和歌山県立博物館(和歌山市吹上1、TEL 073-436-8670)で10月13日、特別展「西行 紀州に生まれ、紀州をめぐる」が始まった。主催は同館と西行学会。
平安時代の歌人として知られる西行の生誕900年を記念して企画した同展。西行にまつわる文化財やゆかりの地に残る文化財を一堂に集め、西行の業績と足跡をたどる。
西行は、1118(元永元)年に紀伊国田中荘(現・紀の川市)の佐藤氏一族の家に生まれ、義清(のりきよ)と名付けられた。京都で武士として仕えたが、23歳で出家し西行と名乗る。その後、高野山(高野町)や天野(かつらぎ町)で隠居生活を送りながら、旅に出て全国各地で歌を詠んだ。県内では「千里の浜」(みなべ町)や「那智の滝」(那智勝浦町)などを訪れ、歌を残している。
展覧会では、彫像や絵画、歌集、絵巻物など西行にまつわる資料184件282点を展示する(前期・後期で入れ替えあり)。展示は、西行直筆の書や歌集から読み解く「西行の人物像」にはじまり、西行の一族・佐藤氏が暮らしたふるさとの地、出家後に約30年間過ごした高野山やその間に巡った紀伊半島の各地、高野山を離れたあと過ごした讃岐、伊勢、河内、死後に残された物語、と西行の生涯とゆかりの地を巡る。
12日の開会式には、同館友の会や和歌山大学教育学部付属小学校6年生、資料の所蔵者、西行学会の関係者など約100人が参加。式後の内覧会では学芸員の坂本亮太さんが展示品の解説を行い、参加者らは熱心に聞き入り、メモを取ったり質問したりしていた。
坂本さんは「『新古今和歌集』に最多の94首が載り、歌人として高く評価される西行だが、確かな史料は少なく謎や伝説に包まれた人物。西行に関する事実から伝説まで幅広く集め、人物像を掘り下げる展覧会は全国的にも珍しいと思う。西行の意外な一面を知ってもらいたい」と話す。「西行は同じ時代に生きた人たちに影響を与え、亡くなってすぐ伝説となるほどの文化人だった。展示を通して西行やゆかりの地に思いをはせてほしい」とも。

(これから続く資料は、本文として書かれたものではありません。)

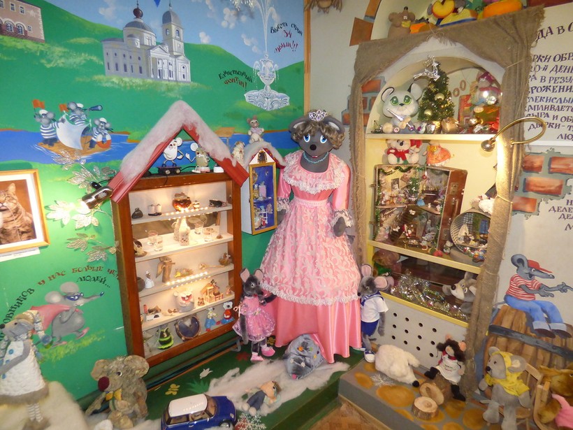 Прежде всего, вас встретят мышиные царь и царица и проведут в мышиные палаты. Там покажут представление с участием ростовых кукол (конечно, мышей). Сие действо ориентировано в первую очередь на маленьких туристов. Взрослым предлагаю пройти дальше. Например, в музей мыши. Здесь увидите тысячи этих грызунов и услышите много увлекательных историй про них. Большие, маленькие и совсем крошечные. Из стекла, камня, ткани, соломы, бумаги… Различного возраста (старшей более 100 лет), профессий и из разных стран. Настоящее мышиное царство. Многие прибыли сюда от известных людей. Булат Окуджава презентовал музею аж пятикиллограмовую мышатину.

会期中、連続講座「西行 再発見!」(20日・11月3日・10日・17日)や西行学会大会(27日)、ミュージアム・トーク(21日・11月23日・24日)などを行う。
開館時間は9時30分~17時。月曜休館。入館料は、一般=1,000円、大学生=800円。高校生以下・65歳以上・障がい者・県内在学の外国人留学生無料。前期展示=10月13日~28日、後期展示=10月30日~11月25日。